Wouldn’t it be great if brands could just sit in while a woman did her makeup, listen to her complain about what’s not going right and see her smile when she gets the look she wants? Thanks to social media, they can do just that.

Woman putting on makeup

[image by Flickr user Mustafa Sayed]

In his blog “3 new use cases for social data in research” our COO, Job Muscroft, talked about how smart social media research, done right, can help develop new product innovations. People are sharing their experiences with products and services daily, allowing us to observe the thoughts of people shopping for groceries, cooking, commuting to work and hundreds of other activities. As soon as a new product hits the shelves, consumers are providing feedback on it. And through using social media listening tools, this feedback can be fed right back to the product teams to help with improvements.

In this blog, I’ll lay out the advantages of using social media for innovation, and explain how brands can go beyond listening to individual mentions to finding the new ideas and insights that can help them build their products.

Going Beyond Monitoring

Using social media for innovation is different from the customer service monitoring that many or most brands are doing now. Now it is not just about helping customers when they are unhappy. It’s about figuring out the root cause of their unhappiness and fixing it in the next edition. This a deeper form of research that endeavors to reveal wants, needs, pain points and motivations by looking at behavior around current products.

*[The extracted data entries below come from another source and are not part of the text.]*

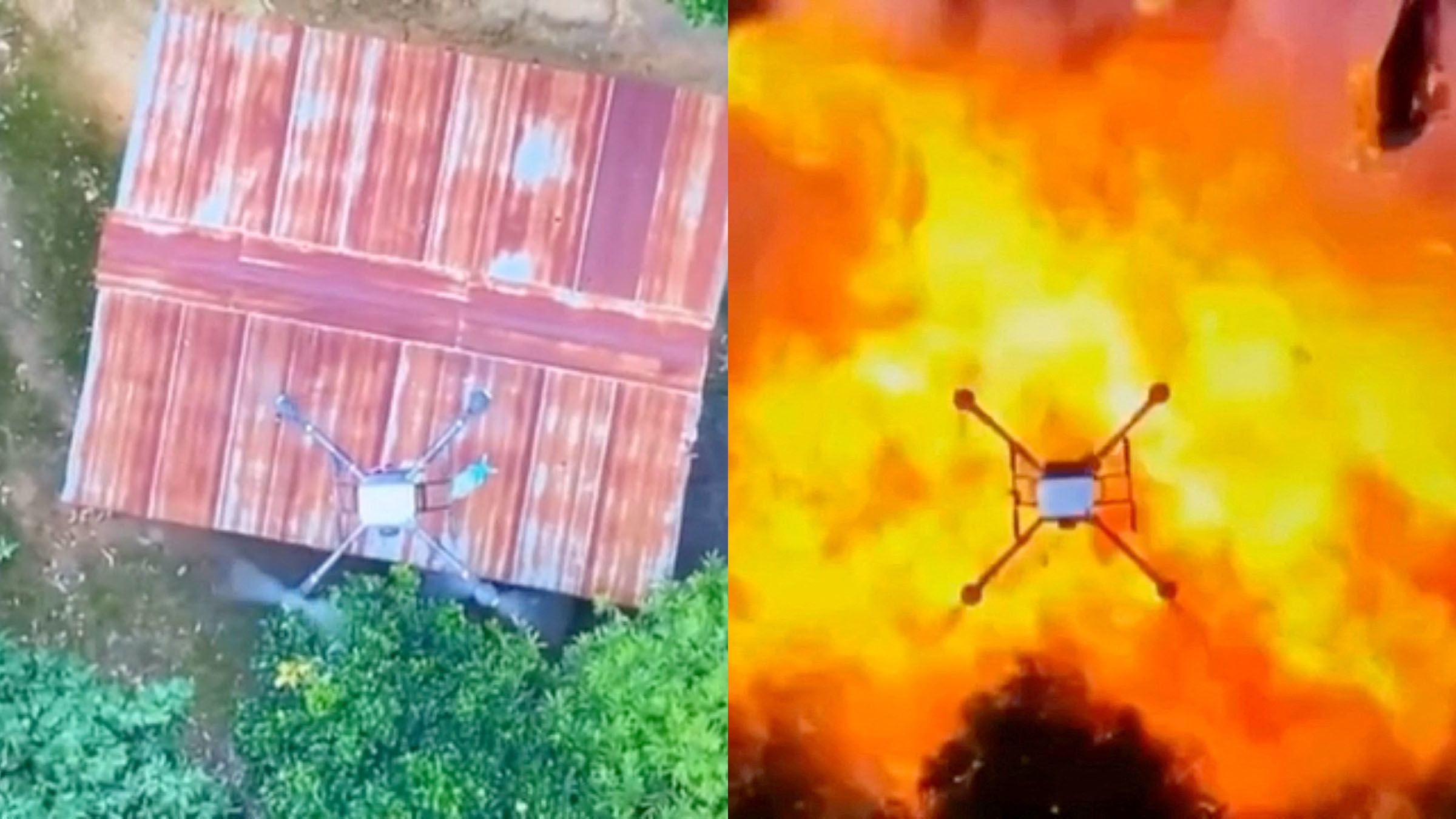 Screen grabs from a handout video released on July 25 shows a drone dropping a bomb during what Thai army says was an operation on a Cambodian military arms depot in an area given as Phu Ma Kuea Hill near Preah Vihear province, Cambodia. (Photo by Thai Army/Reuters)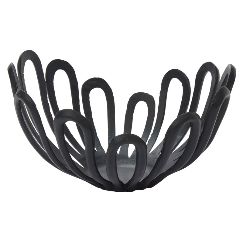 Give coffee table & shelf displays an upgrade with the sculptural form & stunning shape of the cast aluminum open decorative Altamonte Bowl in black. Large open petal shapes extend from the center base, curve upwards, & stop at varying heights. This versatile piece can be styled with fruit as kitchen decor, on its own as a decorative object, filled with a moss layer for an orchid or other planting, & much more.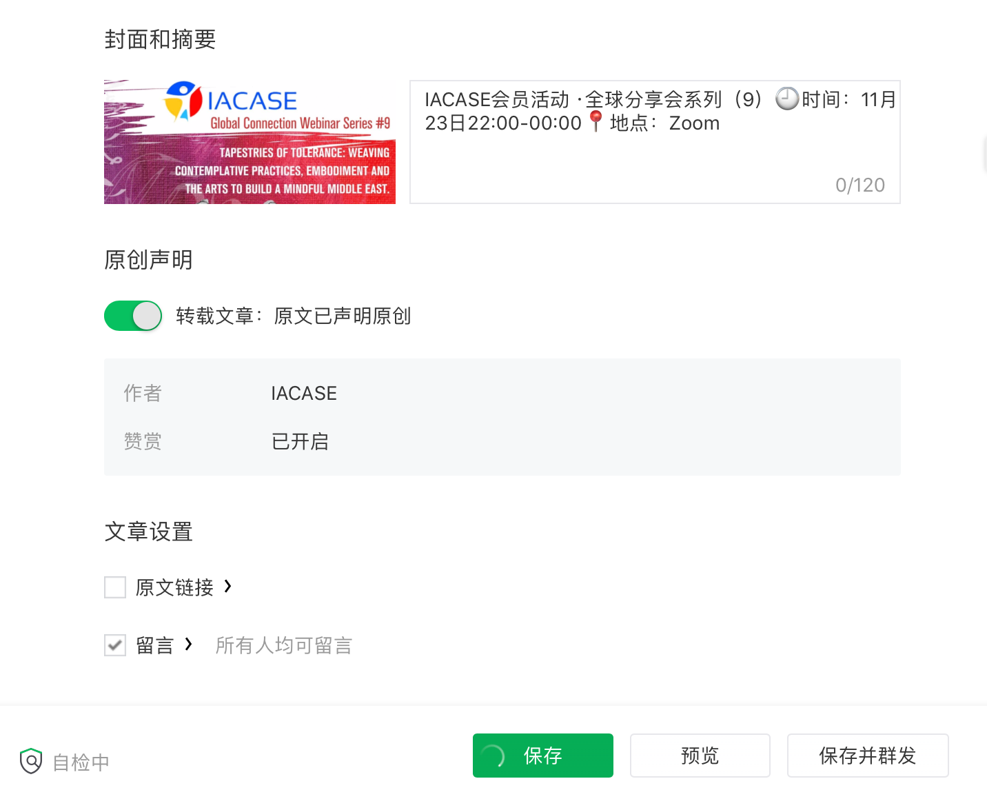 1、这篇是转载的内容,一直显示“自检中……”,点击保存和群发按钮则一直转圈圈

This is already being done through focus groups and customer service surveys, but social media is immediate and intimate. As soon as a product or service is released, people can be responding and talking on social media. Moreover, they are sharing this information as they use the product in their regular lives. These aren’t prompted trials. These are spontaneous and organic responses. Researchers really can, in a way, watch a dad cook dinner for his kids. This allows researchers to examine unspoken needs and frustrations as they listen not only to what people say about a product, but also how they use it.

From Many Mentions to One Innovation

At its heart, using social media for innovation is qualitative research. Numbers and quantitative metrics do come into play – the data is just too huge to not rely on some form of numerical metrics. But we try to get at the numbers in a way that recognizes the unstructured nature of human language.

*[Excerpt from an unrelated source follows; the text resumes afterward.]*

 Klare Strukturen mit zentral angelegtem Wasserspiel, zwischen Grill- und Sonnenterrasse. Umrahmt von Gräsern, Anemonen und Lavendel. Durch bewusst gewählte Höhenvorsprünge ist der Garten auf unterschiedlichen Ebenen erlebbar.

The first step is for the researcher to read a bunch of social media messages, just like a qualitative researcher would read the verbatims from a community or focus group. From here, we can develop a code frame of different scenarios and use-cases that we can group the messages into.

[image by Flickr user Seth Woodworth]

Next, we build a lexicon to help us sort the mentions into our code-frame. A lexicon is the keyword filter we use to examine our data and find relevant mentions. For instance, a lexicon might include “blades” and “knives” for a search about a food processor to narrow in on discussions about chopping power. Then we can compare the volumes between the different scenarios to find the most pertinent areas of discussion.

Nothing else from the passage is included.